Они поменялись местами.
– Черт, приятно, – сказал Гаривас. – Сколько литров?
– Два. Ты летай пониже.
Берг свою "Вектру" знал хорошо – она вылетала сильно, отлично держала дорогу, но была тяжеловата. А Гаривас несколько лет подряд ездил на легоньком старом "Гольфе" и мог не рассчитать.
– Что там твой бегунок?
– Скоро, – довольно сказал Гаривас. – Дня через три. Вчера звонил из Хельсинки.

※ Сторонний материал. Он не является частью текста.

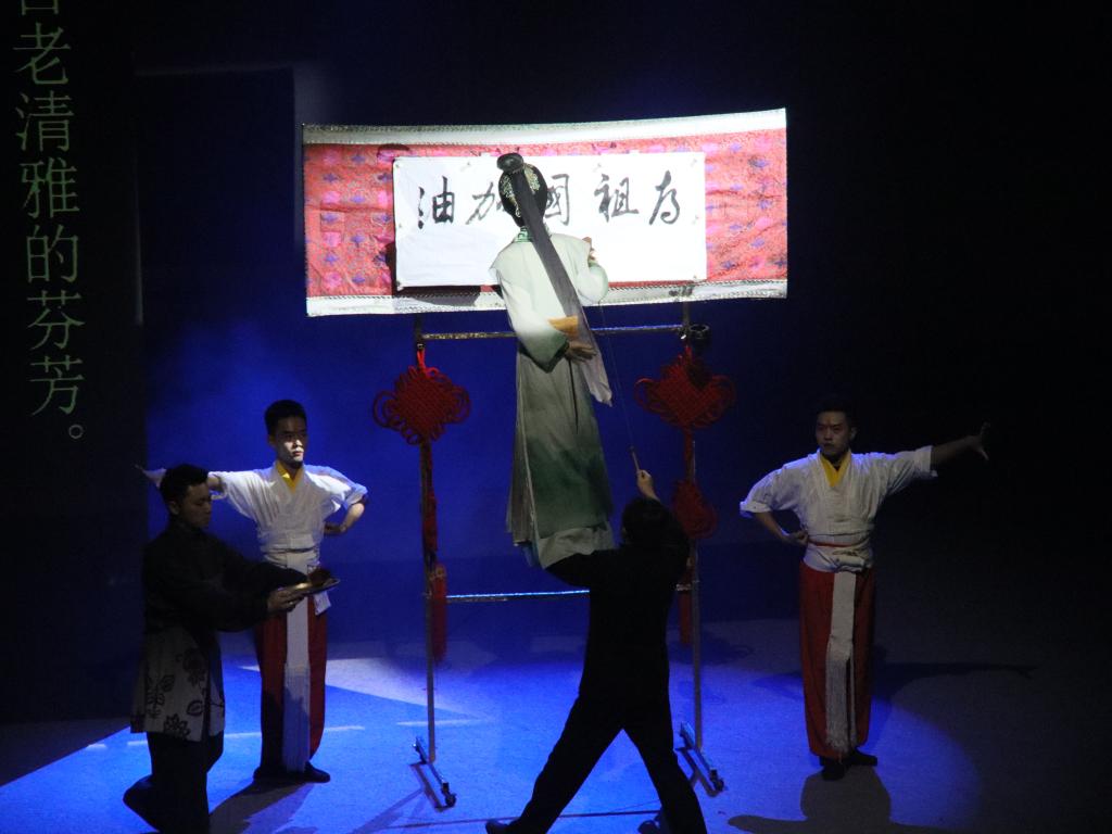 6月13日,四川省(南充)大木偶劇院展演了川北大木偶戲《天下有偶》。這部川北大木偶戲分為《心中有偶》《人間有道》《世間有愛》《天下有情》四幕,以爺孫三人的入場拉開帷幕,講述了“我們是中華五千年文明的傳承者”的故事,集合了音樂、舞蹈、繪畫、書法、戲劇等表演藝術,融入了川劇變臉、噴火、吐煙、頂缸等川劇獨有的技巧,翎子功、扇子功、水袖功的展示,博得了觀眾陣陣喝彩。美麗生動的木偶在匠人的刻刀下起舞,巧妙的舞臺設計、精美的木偶、華麗的衣裳,讓現場觀眾為之震撼。木偶現場題字“為祖國加油”,寄托了母校對畢業生的真切勉勵。

Последние недели Гаривас жил без машины, ждал, когда ему пригонят из Голландии "Омегу".
– Коробка – автомат?
– Ясное дело, – сказал Гаривас. – На то и "Омега".
– Какой цвет?
– Беж, – торжественно ответил Гаривас.
– Цвет неброский, – одобрительно хохотнул Берг.
– Кстати, ты знаешь, кто поехал за моей машиной?
– Нет. Кто?
– Коныч.
– Надо же, – усмехнулся Берг. – Помню его. Он же был вундеркинд, да? Звезда курса.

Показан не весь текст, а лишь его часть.